PROBLEM
Search the entries below for "Schwarz" and copy each matching line.

(Saved data entries)
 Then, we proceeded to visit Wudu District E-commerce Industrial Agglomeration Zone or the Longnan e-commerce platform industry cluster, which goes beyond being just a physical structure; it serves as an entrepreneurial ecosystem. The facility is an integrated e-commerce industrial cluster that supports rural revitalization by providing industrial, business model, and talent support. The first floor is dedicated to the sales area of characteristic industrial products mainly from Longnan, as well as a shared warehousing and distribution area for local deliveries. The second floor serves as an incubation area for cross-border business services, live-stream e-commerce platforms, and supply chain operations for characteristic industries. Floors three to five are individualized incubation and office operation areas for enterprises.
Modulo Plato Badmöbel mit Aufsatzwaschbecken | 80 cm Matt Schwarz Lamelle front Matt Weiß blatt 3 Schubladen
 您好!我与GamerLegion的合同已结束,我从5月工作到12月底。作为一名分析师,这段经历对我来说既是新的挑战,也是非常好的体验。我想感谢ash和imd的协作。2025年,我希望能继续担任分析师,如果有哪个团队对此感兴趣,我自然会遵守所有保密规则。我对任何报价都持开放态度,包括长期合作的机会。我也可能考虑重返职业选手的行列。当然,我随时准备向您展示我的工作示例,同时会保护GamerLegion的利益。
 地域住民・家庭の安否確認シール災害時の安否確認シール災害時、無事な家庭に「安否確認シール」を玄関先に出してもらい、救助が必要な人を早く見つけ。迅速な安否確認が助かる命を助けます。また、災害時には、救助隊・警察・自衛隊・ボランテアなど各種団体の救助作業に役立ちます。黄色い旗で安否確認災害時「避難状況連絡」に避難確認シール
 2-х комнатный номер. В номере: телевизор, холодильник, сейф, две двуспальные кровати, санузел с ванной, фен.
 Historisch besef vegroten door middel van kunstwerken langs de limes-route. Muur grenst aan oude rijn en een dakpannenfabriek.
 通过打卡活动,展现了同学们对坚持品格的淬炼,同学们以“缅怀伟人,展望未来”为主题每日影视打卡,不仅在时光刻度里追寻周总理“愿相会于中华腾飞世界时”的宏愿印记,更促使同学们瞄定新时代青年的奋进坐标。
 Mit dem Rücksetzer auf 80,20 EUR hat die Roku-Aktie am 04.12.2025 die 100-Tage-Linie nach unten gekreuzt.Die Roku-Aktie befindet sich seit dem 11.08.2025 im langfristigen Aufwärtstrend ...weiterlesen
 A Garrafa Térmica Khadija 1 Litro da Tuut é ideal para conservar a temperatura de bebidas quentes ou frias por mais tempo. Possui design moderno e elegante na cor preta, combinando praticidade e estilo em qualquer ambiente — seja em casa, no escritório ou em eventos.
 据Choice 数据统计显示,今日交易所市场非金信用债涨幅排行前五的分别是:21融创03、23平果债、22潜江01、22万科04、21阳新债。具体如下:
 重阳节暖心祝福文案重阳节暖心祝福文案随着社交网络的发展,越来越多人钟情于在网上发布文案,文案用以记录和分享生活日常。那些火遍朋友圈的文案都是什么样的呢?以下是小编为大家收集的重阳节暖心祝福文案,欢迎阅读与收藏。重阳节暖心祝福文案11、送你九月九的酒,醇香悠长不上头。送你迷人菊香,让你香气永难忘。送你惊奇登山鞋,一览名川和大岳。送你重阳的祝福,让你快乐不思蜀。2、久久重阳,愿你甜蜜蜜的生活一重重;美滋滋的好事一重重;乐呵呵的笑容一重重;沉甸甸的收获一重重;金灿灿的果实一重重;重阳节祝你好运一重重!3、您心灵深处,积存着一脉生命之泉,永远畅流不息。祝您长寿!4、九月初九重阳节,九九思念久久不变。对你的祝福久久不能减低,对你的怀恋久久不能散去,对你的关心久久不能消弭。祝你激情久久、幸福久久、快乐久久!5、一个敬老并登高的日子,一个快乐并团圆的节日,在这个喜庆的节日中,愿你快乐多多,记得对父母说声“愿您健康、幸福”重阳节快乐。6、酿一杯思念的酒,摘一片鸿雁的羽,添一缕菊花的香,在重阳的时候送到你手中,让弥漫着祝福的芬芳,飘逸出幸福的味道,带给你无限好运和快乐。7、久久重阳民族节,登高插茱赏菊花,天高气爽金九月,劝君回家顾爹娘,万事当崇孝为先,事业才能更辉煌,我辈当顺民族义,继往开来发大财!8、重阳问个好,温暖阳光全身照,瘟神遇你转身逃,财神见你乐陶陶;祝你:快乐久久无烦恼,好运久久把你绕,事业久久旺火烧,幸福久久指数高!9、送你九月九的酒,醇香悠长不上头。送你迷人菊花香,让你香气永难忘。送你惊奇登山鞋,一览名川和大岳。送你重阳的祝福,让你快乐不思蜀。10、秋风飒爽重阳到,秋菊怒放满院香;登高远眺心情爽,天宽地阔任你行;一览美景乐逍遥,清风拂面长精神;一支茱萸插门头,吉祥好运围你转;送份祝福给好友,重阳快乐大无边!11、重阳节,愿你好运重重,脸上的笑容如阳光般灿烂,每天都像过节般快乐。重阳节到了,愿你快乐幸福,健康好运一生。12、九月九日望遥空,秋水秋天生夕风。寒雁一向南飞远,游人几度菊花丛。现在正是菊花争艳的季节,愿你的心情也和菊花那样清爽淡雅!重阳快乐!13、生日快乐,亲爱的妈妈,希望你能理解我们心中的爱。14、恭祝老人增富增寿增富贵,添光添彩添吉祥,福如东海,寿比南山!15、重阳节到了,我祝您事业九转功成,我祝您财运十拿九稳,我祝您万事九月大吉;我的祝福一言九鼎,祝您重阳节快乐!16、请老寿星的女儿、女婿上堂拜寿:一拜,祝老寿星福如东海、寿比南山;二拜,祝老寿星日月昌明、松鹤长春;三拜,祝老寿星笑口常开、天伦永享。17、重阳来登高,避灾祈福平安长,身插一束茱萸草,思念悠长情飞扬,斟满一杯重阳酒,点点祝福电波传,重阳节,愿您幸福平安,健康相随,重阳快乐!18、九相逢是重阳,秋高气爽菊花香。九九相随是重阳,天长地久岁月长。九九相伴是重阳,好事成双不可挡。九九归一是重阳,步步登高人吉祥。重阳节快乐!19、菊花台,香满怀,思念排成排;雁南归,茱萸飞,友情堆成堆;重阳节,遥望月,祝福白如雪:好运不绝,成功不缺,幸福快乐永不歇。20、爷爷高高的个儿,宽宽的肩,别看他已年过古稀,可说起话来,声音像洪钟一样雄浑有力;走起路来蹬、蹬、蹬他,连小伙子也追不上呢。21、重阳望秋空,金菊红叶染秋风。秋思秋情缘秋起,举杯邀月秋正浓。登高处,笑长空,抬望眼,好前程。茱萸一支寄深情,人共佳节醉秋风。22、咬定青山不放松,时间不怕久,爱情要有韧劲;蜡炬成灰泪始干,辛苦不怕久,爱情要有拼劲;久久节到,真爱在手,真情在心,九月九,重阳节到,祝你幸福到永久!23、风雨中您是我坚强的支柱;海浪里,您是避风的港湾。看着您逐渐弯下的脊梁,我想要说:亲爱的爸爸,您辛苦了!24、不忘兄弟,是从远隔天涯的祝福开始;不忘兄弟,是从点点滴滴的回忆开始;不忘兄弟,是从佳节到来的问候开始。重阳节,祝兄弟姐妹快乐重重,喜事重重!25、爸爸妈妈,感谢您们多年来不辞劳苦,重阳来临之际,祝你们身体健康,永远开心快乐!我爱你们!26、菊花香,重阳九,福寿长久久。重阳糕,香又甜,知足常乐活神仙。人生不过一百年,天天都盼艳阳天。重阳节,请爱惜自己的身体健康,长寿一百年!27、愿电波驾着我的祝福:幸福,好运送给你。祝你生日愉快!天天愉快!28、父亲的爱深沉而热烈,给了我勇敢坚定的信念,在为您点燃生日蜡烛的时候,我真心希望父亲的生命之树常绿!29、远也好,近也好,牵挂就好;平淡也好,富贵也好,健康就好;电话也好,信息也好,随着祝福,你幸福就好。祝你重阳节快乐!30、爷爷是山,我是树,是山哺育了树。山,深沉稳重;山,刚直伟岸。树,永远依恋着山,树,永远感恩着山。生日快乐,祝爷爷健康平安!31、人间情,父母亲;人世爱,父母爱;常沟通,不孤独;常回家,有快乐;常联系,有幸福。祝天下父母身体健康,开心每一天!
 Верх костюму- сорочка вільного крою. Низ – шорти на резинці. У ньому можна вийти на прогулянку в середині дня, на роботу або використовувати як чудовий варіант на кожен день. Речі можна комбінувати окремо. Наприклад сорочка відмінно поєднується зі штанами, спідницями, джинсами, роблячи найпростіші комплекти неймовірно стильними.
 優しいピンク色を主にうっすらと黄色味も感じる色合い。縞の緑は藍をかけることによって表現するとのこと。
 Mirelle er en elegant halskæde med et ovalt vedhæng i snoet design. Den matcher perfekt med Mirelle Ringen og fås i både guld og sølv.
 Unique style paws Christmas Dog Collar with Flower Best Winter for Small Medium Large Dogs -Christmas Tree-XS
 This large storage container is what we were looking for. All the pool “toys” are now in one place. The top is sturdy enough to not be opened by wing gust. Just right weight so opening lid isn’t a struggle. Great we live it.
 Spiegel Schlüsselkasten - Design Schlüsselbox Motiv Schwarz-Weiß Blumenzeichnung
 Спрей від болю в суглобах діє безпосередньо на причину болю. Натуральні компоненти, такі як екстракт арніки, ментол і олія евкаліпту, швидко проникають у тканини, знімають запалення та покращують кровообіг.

REPLY
Modulo Plato Badmöbel mit Aufsatzwaschbecken | 80 cm Matt Schwarz Lamelle front Matt Weiß blatt 3 Schubladen
 Spiegel Schlüsselkasten - Design Schlüsselbox Motiv Schwarz-Weiß Blumenzeichnung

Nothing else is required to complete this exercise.